Based on the code in torch.cuda.__init__ that was actually throwing the error the following check seems to work:
import torch
from torch.cuda import device_count, get_device_capability
def is_cuda_compatible():
compatible_device_count = 0
if torch.version.cuda is not None:
for d in range(device_count()):
capability = get_device_capability(d)
major = capability[0]
minor = capability[1]
current_arch = major * 10 + minor
min_arch = min((int(arch.split("_")[1]) for arch in torch.cuda.get_arch_list()), default=35)

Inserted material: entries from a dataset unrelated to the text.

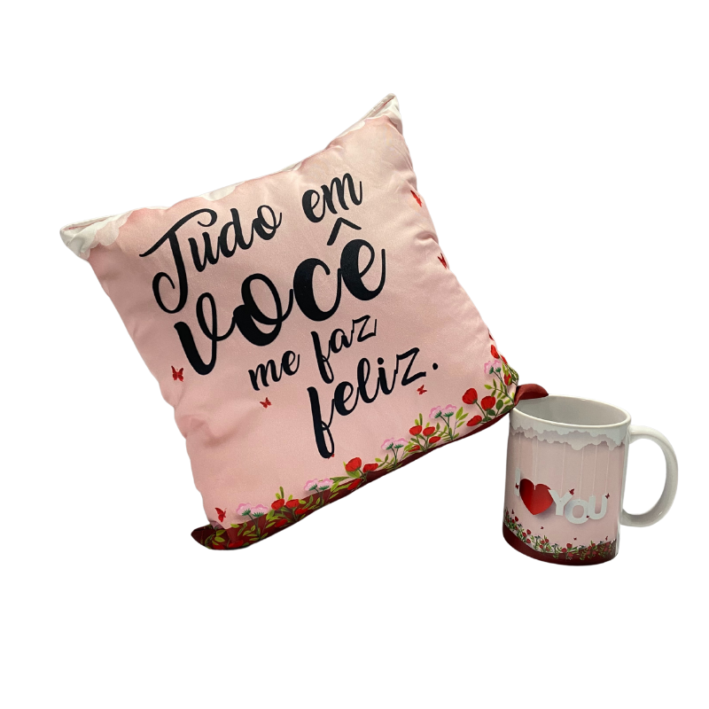 Conjunto Travesseiro Coração e Caneca Você me faz Feliz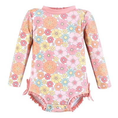 Hudson Baby Girls Rashguard Baby Swimsuit, Pink Palm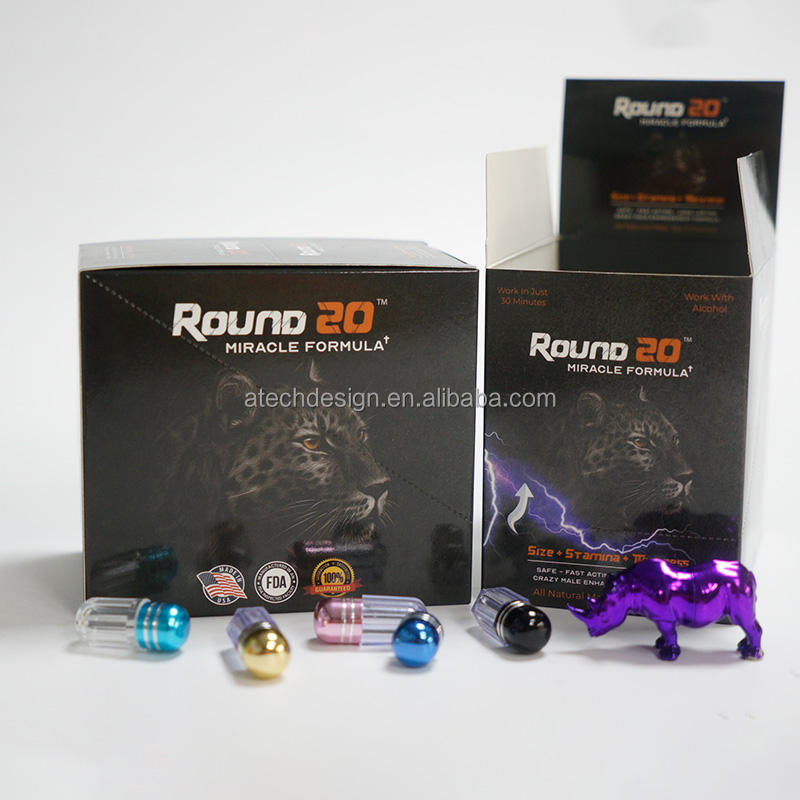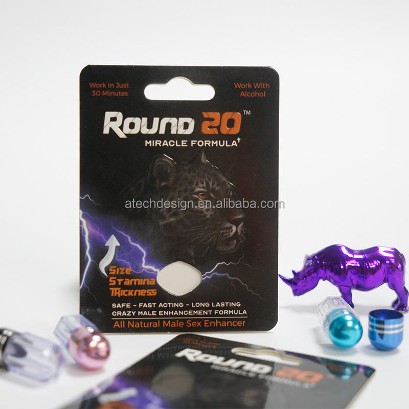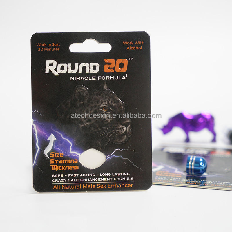 Accept Custom Design Men Enhancement Pills Packaging Rhino Round 20 Pills 3d Blister Card Paper Box Packaging

if (not current_arch < min_arch
and not torch._C._cuda_getCompiledVersion() <= 9000):
compatible_device_count += 1
if compatible_device_count > 0:
return True
return False
Not sure if it’s 100% correct but putting it out here for feedback and in case anybody else needs it. Will be PRing into torch itself later since it seems like the kind of functionality it ought to have.